Keegan testified that he told potential investors they would be required to actively participate in the management of Hugoton and Anadarko. He conceded that some who attended the luncheons had no experience in the oil and gas industry. He acknowledged that he was promoting investments in equipment located "many states away" from where the investors resided, and that the wells where the equipment would be used were in Kansas and Oklahoma.

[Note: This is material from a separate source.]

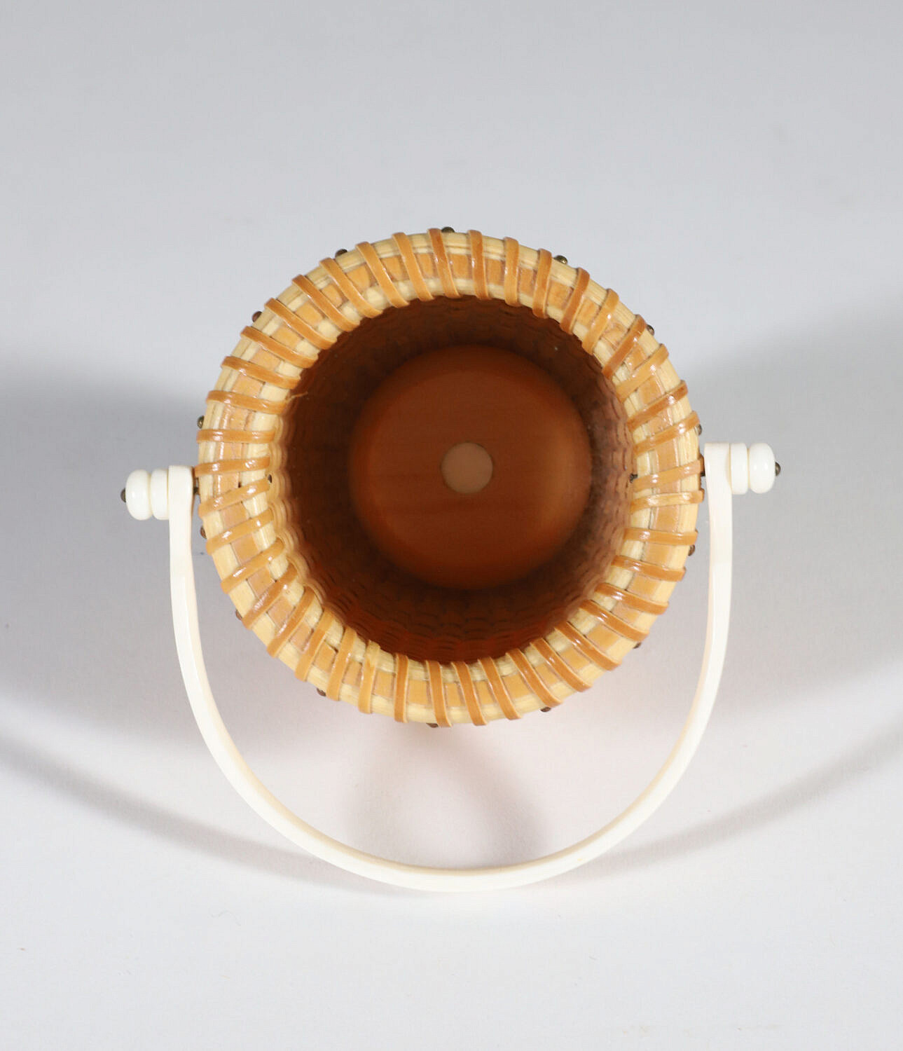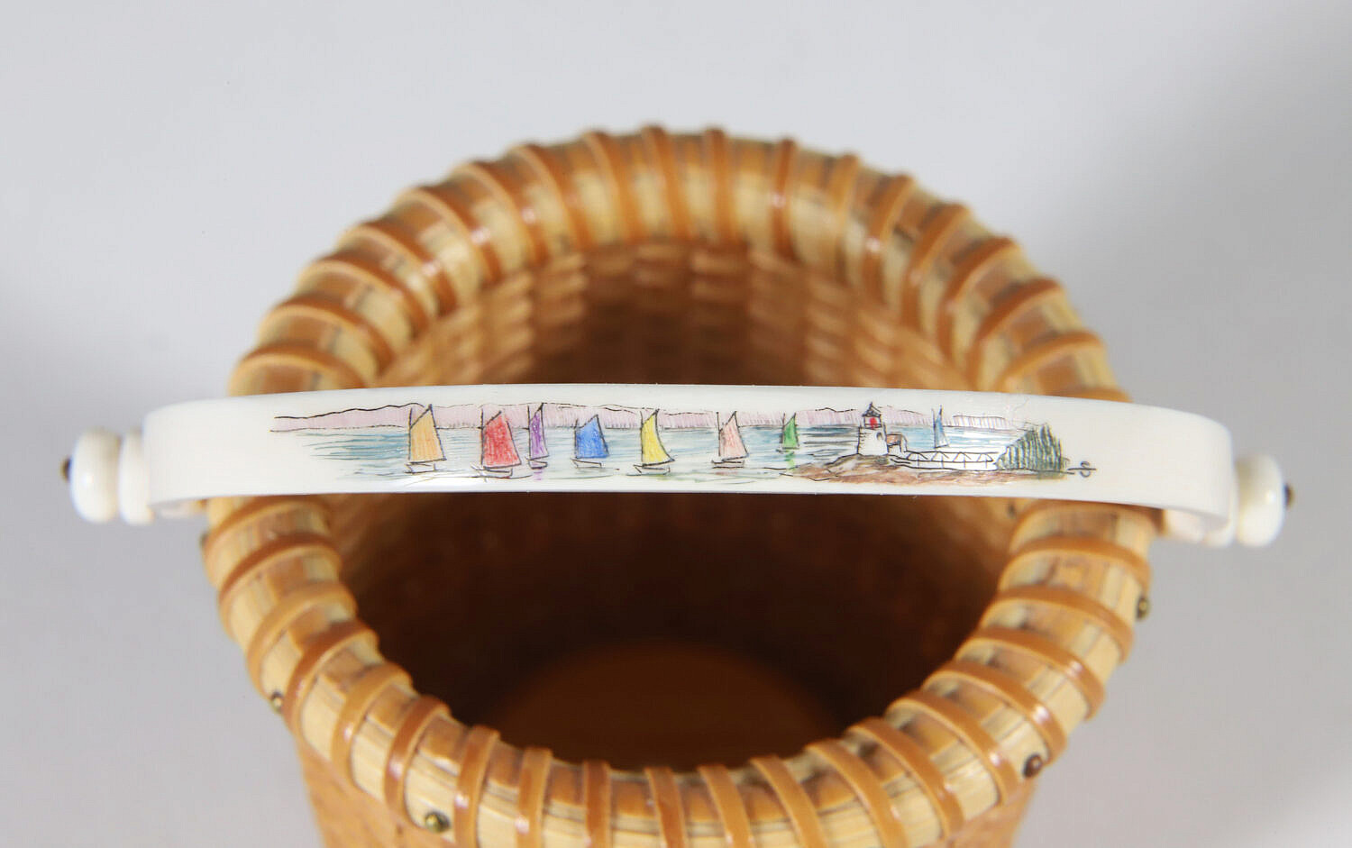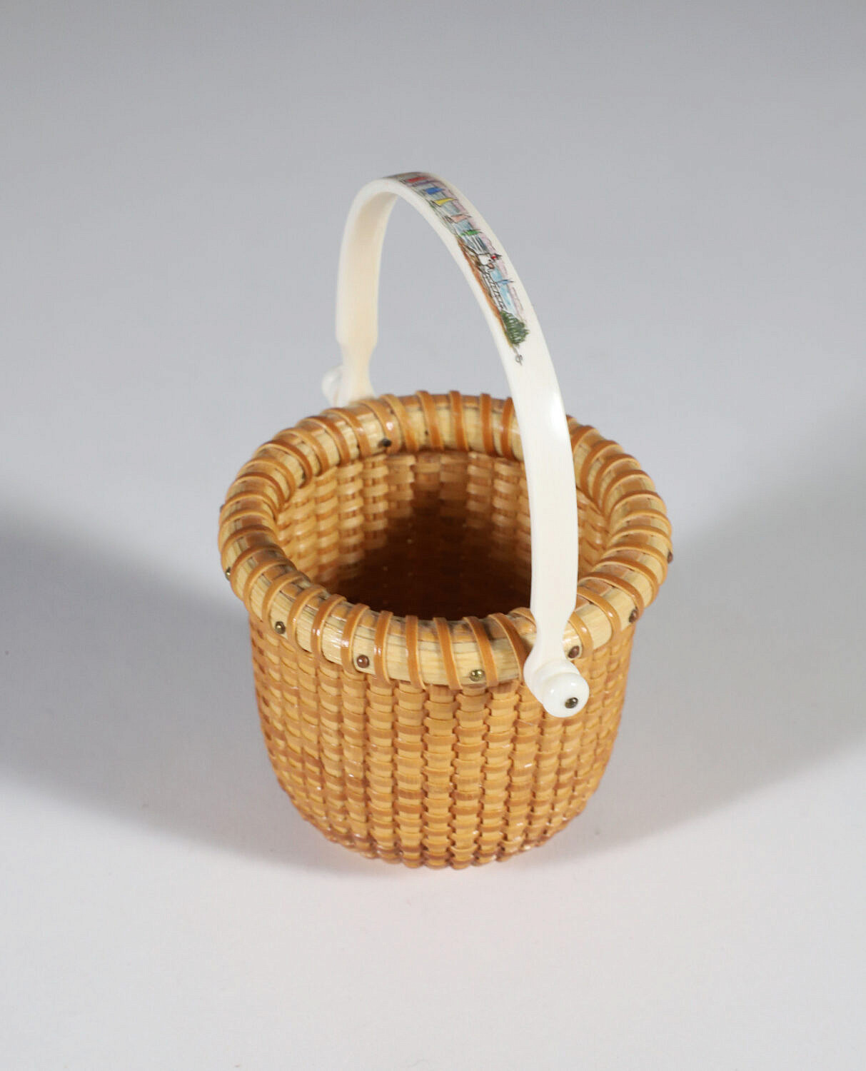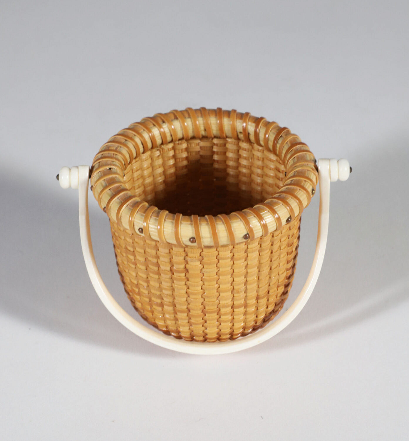 Jean M. Valerio Woven Miniature Open Swing Handle Basket, circa 2007, scrimshaw rainbow fleet handle, cherrywood base engraved, J.V. 2007

The ALJ issued a proposed decision denying petitioners' motion to dismiss the desist and refrain order on the ground of federal preemption, finding that the joint venture interests in Hugoton and Anadarko were securities, and concluding the securities were not exempt under Regulation D. The Department adopted the ALJ's proposed decision, and petitioners filed the administrative mandate action herein. In its order denying the petition, the trial court rejected petitioners' preemption argument and found that the joint venture interests were securities.


A. Preemption

Under section 25110, "[i]t is unlawful for any person to offer or sell in this state any security in an issuer transaction ... unless such sale has been qualified ... or unless such security or transaction is exempted...." Section 25102.1, subdivision (d) exempts from section 25110 "[a]ny offer or sale of a security with respect to a transaction that is exempt from registration under the Securities Act of 1933 pursuant to

75 Cal.Rptr.3d 802

Section 18(b)(4)(D) [15 U.S.C. § 77r(b)(4)(D) ] of that act," provided that a copy of a completed Form D and a consent to service of process are filed, and a notice filing fee is paid, as was done by Hugoton and Anadarko in this case. Transactions are exempt from registration under the federal statute if they comply with the requirements of Rule 506 of Regulation D (17 C.F.R. § 230.506 (2007)) for limited private placements (15 U.S.C. § 77d(2)), which include a prohibition against any form of general solicitation (17 C.F.R. § 230.502(c) (2007)). Petitioners do not dispute the Department's finding, upheld by the trial court, that interests in Hugoton and Anadarko were offered through general solicitations in contravention of the federal rules for private offerings.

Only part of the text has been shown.